Azure Databricks is an easy, fast, and collaborative Apache spark-based analytics platform. It accelerates innovation by bringing data science data engineering and business together. Making the process of data analytics more productive more secure more scalable and optimized for Azure. It is secure cloud-based machine learning and big data platform. It is supporting multiple languages such as Scala, Python, R, Java, and SQL. Azure Databricks offers three environments for developing data intensive applications: Databricks SQL, Databricks Data Science & Engineering, and Databricks Machine Learning.
Databricks SQL provides an easy-to-use platform for analysts who want to run SQL queries on their data lake, create multiple visualization types to explore query results from different perspectives, and build and share dashboards.

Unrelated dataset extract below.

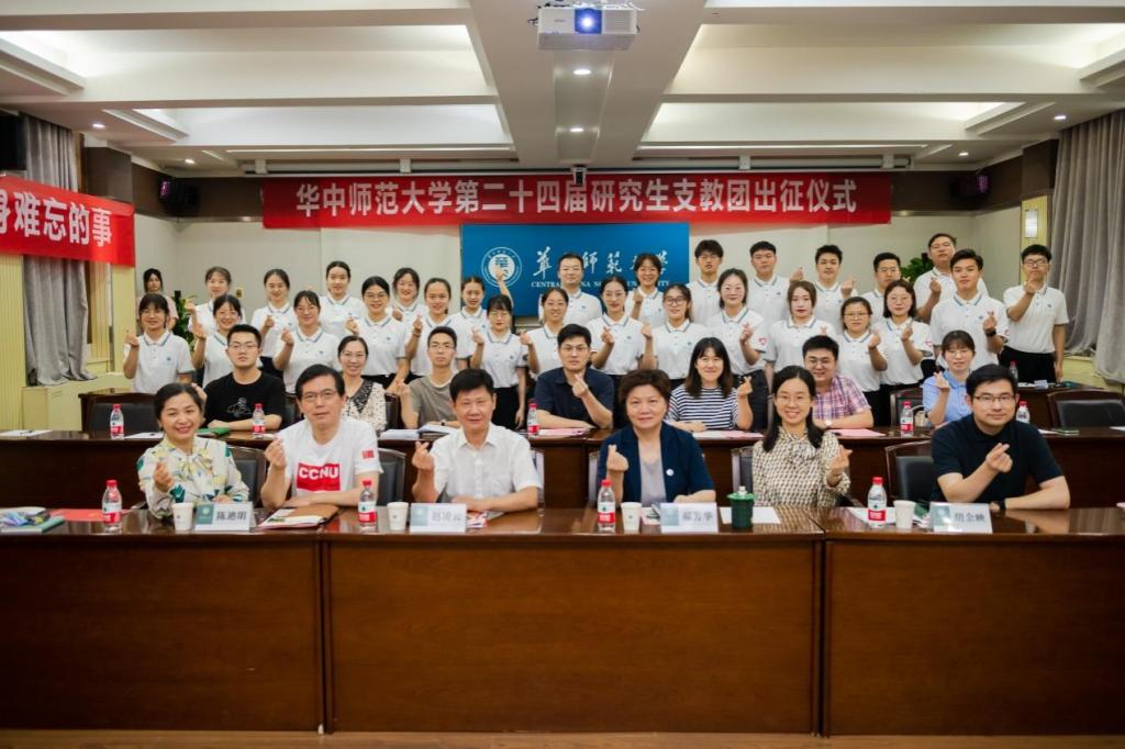 华大在线讯(通讯员 卢俊霖)6月14日,第24届研究生支教团出征仪式在行政楼二楼会议室举行。校党委书记赵凌云、校长郝芳华、校党委副书记陈迪明出席。相关职能部门负责人及第24届研究生支教团成员参加。

Databricks Data Science & Engineering provides an interactive workspace, enables collaboration between data engineers, data scientists, and machine learning engineers. For a big data pipeline, the data is ingested into Azure through Azure Data Factory in batches, or streamed near real-time using Apache Kafka, Event Hub, or IoT Hub. This data lands in a data lake for long term persisted storage in Azure Blob Storage or Azure Data Lake Storage. As part of your analytics workflow, use Azure Databricks to read data from multiple data sources and turn it into breakthrough insights using Spark.
Databricks Machine Learning is an integrated end-to-end machine learning environment incorporating managed services for experiment tracking, model training, feature development and management, and feature and model serving.